Scritta per il TVG!Fest con prompt adult!Elena/adult!Jeremy - "Happiness is like the old man told me/Look for it, but you'll never find it all/Let it go, live your life and leave it/Then one day, wake up and she'll be home"

Chapter 3  [Jeremy, Xander & Oliver]

[Istruzioni per l’uso: 1. aprire youtube. 2. inserire “Happiness – the fray” nella barra di ricerca 3. ascoltare la canzone durante la lettura u_ù]
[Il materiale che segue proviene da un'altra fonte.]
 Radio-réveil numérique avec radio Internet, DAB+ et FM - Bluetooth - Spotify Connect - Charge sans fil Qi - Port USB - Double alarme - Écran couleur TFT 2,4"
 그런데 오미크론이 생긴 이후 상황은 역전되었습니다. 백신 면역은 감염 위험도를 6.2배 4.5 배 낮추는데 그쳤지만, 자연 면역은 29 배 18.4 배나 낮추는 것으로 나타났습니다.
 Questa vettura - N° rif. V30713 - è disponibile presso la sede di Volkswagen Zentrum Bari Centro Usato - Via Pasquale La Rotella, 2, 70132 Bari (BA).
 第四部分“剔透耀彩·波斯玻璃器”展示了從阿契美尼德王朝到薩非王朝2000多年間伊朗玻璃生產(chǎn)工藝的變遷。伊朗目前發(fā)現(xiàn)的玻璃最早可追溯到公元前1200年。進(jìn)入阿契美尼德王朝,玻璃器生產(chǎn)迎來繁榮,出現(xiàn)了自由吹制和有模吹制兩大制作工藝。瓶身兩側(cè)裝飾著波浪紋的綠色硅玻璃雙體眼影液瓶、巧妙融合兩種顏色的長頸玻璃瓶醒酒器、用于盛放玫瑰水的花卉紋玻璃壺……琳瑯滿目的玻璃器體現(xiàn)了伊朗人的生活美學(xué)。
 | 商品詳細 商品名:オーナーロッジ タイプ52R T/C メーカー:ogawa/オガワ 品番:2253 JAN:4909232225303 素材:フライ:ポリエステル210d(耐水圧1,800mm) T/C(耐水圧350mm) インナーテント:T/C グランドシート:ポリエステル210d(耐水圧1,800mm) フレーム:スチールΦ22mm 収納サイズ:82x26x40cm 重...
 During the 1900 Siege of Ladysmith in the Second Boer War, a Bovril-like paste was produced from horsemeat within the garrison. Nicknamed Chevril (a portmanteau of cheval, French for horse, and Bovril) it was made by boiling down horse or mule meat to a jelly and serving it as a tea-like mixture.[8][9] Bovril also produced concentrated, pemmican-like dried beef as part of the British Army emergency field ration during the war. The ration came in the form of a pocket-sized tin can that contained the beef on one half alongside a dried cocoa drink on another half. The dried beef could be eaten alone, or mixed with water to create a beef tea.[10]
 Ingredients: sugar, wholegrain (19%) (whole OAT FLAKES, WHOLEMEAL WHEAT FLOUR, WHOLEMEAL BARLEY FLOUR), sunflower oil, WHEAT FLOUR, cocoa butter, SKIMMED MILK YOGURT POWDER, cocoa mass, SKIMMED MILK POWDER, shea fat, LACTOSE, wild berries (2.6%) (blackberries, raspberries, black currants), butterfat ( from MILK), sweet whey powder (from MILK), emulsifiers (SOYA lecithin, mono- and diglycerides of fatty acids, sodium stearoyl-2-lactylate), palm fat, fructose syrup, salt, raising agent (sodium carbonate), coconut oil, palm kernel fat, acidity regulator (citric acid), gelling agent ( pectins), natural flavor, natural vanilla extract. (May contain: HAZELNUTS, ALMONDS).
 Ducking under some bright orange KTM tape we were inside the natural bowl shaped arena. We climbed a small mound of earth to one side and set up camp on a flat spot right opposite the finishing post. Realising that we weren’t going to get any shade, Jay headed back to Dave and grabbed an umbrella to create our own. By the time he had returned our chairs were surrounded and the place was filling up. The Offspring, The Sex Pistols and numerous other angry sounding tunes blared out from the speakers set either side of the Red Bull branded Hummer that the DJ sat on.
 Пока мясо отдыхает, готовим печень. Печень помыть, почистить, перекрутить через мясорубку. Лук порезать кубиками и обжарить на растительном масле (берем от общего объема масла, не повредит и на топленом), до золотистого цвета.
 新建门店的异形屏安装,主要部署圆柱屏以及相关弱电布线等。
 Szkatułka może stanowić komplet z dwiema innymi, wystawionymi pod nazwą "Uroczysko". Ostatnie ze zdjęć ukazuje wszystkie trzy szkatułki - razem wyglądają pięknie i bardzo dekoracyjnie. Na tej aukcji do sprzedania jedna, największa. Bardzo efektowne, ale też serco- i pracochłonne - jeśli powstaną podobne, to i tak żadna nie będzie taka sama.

Il bambino che inseguiva le stelle cadenti.


Happiness is like the old man told me
Look for it, but you’ll never find it all
But let it go, live your life and leave it
Then one day, wake up and she’ll be home
Happiness.
The Fray

C’era qualcosa nell’atmosfera placida e intorpidita delle serate agosto, che aveva sempre affascinato Jeremy.

Il ronzio monotono dei televisori accesi aveva un che di piacevole e rilassante, così come il frinire dei grilli che avvertiva talvolta, mescolato al chiacchiericcio concitato di qualche vicino.

L’abitudine di sgusciare in giardino non appena intravedeva le prime stelle fare capolino era qualcosa che si portava dietro fin da bambino, quando ancora faticava a restare in una stanza per più di una manciata d’ore al massimo.

In preda all’iperattività e al desiderio di avvertire l’aria fresca a contatto con la sua pelle, il bimbetto era solito rifugiarsi sui gradini d’ingresso di Casa Gilbert pronto a improvvisare una partita a baseball con qualche avversario invisibile o, se proprio era fortunato, a inseguire le lucciole che rischiaravano a intermittenza piccole zone erbose del cortile.

Una volta cresciuto, Jeremy aveva continuato volentieri a trascorrere le tiepide serate estive all’aperto. Accoccolato sull’erba fresca, il ragazzo impiegava ore nel tentativo di catturare su fogli di carta ogni elemento del paesaggio che colpiva la sua attenzione.

Le luci dei lampioni diventavano così sottili filamenti gialli e l’oscurità era simile a un mantello intarsiato di minuscoli puntini d’oro.

Intrappolato nell’atmosfera tenue e delicata di quei momenti, Jeremy traduceva rumori e sensazioni in immagini e stravolgeva la notte trasformandola in un tripudio di luci e ombre, dove i colori facevano a pugni con il nero: e molto spesso, vincevano.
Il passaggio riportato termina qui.